There are two Student Government Association recognized, open-for-all, LGBTQIA+ clubs that serve Towson’s student body of over 22,000 students.

In The Life, which has existed for 10 years, strives to create a “community within a community” through events and weekly meetings, club president Franklin Nunez said.

“We talk about the workplace, societal pressures and gender pressures,” Nunez said. “We sit together as a group and dissect the issues and make sure everyone just takes it out.”

It’s a necessary club for LGBTIA+ students who want to discuss issues that directly affect them, Nunez said.

“We have the Queer Student Union here, but we needed a more central theme for In the Life to talk more about minority groups,” he said.

The QSU has existed in some form since the mid 1980s, Lisa Simmons-Barth, the club’s faculty advisor, said. The name has changed over the years, but it has always been a space where LGBTQIA+ students can feel safe.

Simmons-Barth said the QSU is an integral part of the campus community.

“Despite what everyone thinks about progress being made, it’s not there,” Simmons-Barth said. “We need a place for folks to see and be around folks like them.”

The club hosts events and holds weekly meetings that include safe space. Safe space happens at the end of meetings and gives students a chance to vent about their issues and ask for help working through them.

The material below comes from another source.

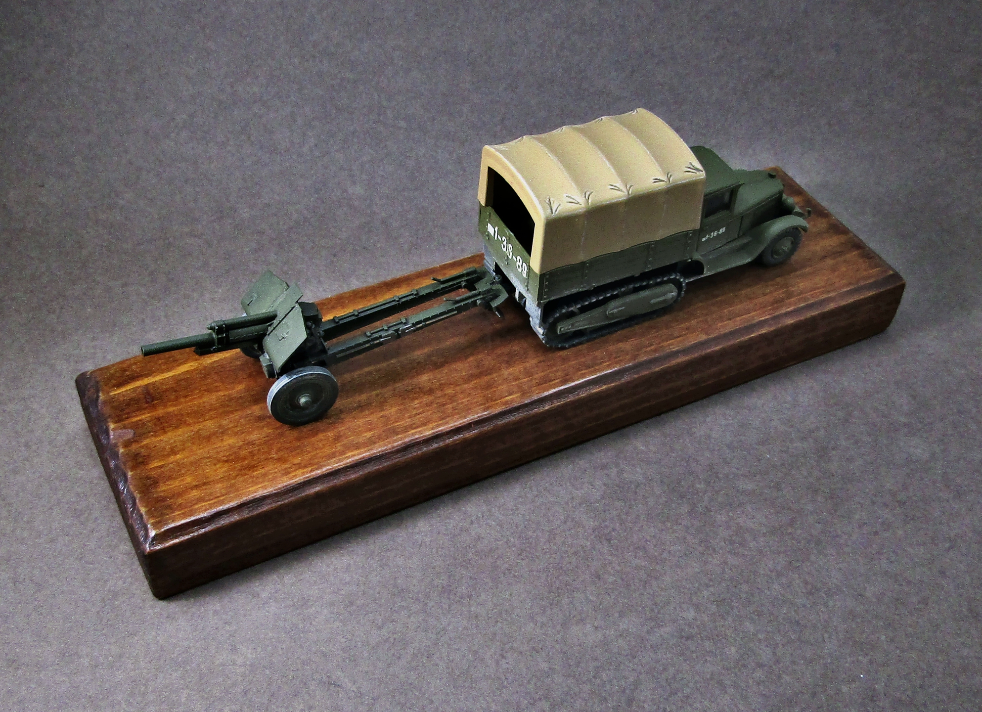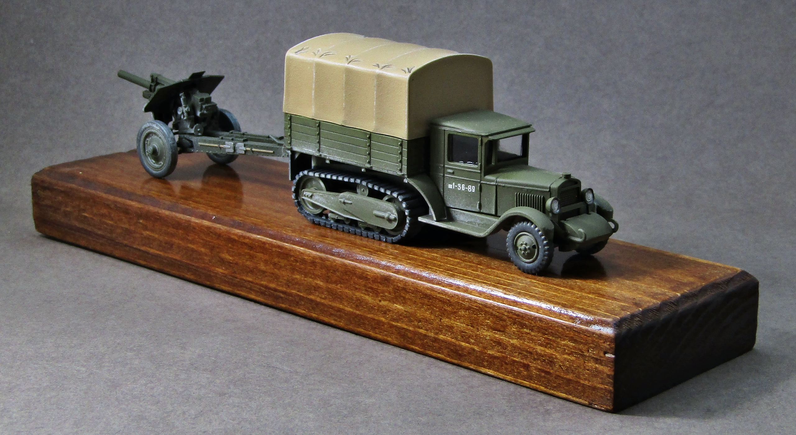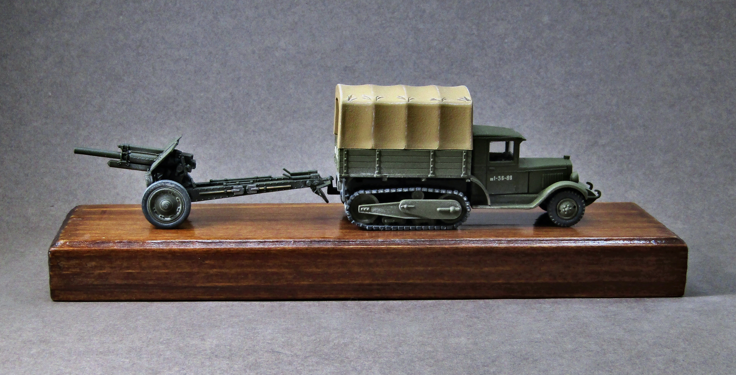 Приветствую. Представляю небольшую зарисовку на тему ВОВ в 72-м масштабе. Увидел однажды на полках модельного магазина несколько коробочек от PST решил одной обзавестись и попробовать что это и с чем его едят. Честно говоря ожидал чего-то наподобие дровищ от ACE, оказалось вполне себе качественная вещь, конечно можно её ещё и доработать, но мне показалось для такого масштаба это будет лишним. Гаубицу описывать не стану, я думаю она и так многим известна, по мне так она сделана достаточно хорошо для 72-го масштаба. На статнину гаубицы было добавлено колечко для навески на фаркоп тягача. Грунтовал модели серым грунтом от Тамии, красил акрилами от Тамии, Ганзы и Pacific 88. Смывки коричневая и чёрная от Тамии, матовый лак из балончика Тамии. Приятного просмотра коллеги...
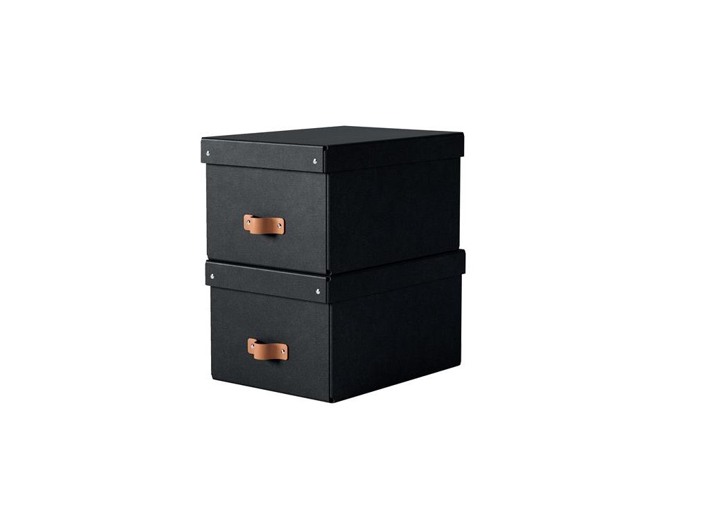 Súprava dvoch stredne veľkých úložných boxov s vekom vyrobených zo 100% recyklovanej lepenky s certifikátom FSC v modernom a čistom dizajne, ktorý doplní vašu domácnosť aj kanceláriu.

“It’s meant to be different than our overall meeting in that people can come and say, ‘Hey, I’m struggling with this,’” Simmons-Barth said. “The executive board will sit and listen.”

Former QSU president Stephanie Hunt said the existing clubs help, but more can be done.

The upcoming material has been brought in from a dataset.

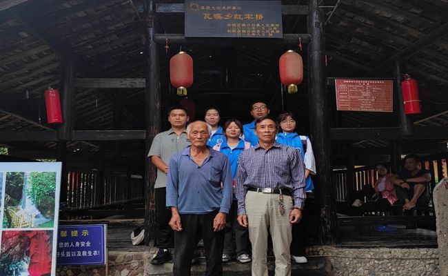 (调研小组及带队老师同两位被采访村民在瓦溪红军桥合影留念)
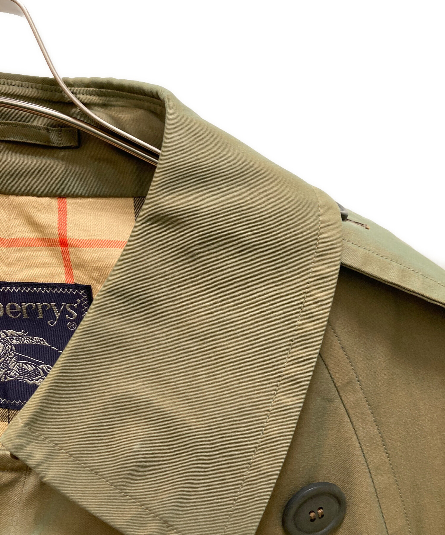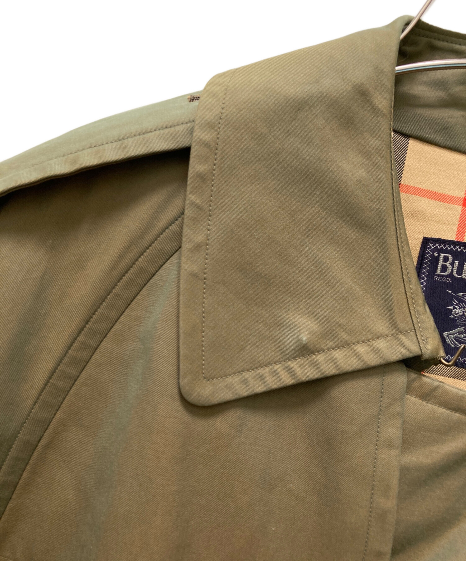 • Burberry's(バーバリー)Burberry's (バーバリーズ) 裏ノバチェックトレンチコート カーキ サイズ:Lの古着・服飾アイテム 襟ヨゴレ有

“There are things that aren’t being addressed simply because if you have a group like the QSU that’s trying to work for the entire community, it’s just impossible to address all those needs,” Hunt said.
Joel Bolling, senior director of student retention at the CSD, said that the GenderBLUR club was created around 2010 when a transgender student noticed there wasn’t a place for students discuss their challenges and experiences as transgender.

“When it first started it was for all trans students but the leadership of the group and the focus of the group focused more heavily on the transsexual student experience,” Bolling said. “As the years went on the group focused more in general about all trans people and people who identified as gender nonconforming.”

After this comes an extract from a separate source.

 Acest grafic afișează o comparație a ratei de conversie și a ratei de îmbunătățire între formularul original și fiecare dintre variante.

Due to a lack of participation, the group was unable to make a transition in leadership from one year to the next, Bolling said. The group moved to using Facebook to connect but involvement has dwindled over the last six months.

There have been periodic attempts to revive GenderBLUR and create new clubs for transgender students. Bolling said such a club would be helpful to students, but efforts have not yet yielded results.

“I don’t know if the need just isn’t there or the scheduling hasn’t worked out,” Bolling said. “Some of the questions and challenges that some of the students are facing could be addressed in a group format with their peers.”

***

Being black and transgender — a minority within a minority — is not easy for Hall. Even more difficult is enduring transphobia from the members of the black community.

“What I kind of notice is that there’s this stigma that’s attached and it’s not a good one,” Hall said. “And I can’t seem to figure out why they’re more concerned with how I’m living my life.”

One member of the community has mis-gendered Hall by using female pronouns. Hall had to correct him multiple times.

“You don’t know the struggle that I had to go through to get here and to be comfortable enough to be here, so for you to take me back to a place where I was not happy, it’s not fair,” Hall explained to his friend.

Enduring transphobic behavior has caused Hall to consider the intersectionalities of his race, gender identity and sexual orientation.

“I don’t know if my duty as a person of the LGBT community that’s also African American is to educate, or if it’s to just live at peace for once,” Hall said. “There’s so much other stuff that I’m fighting, so do I really need to fight the people that are in my community?”

Though he may face some doubts, Hall knows one thing for sure.

“I really don’t like labels that much. I’m Kez and I’m happy.”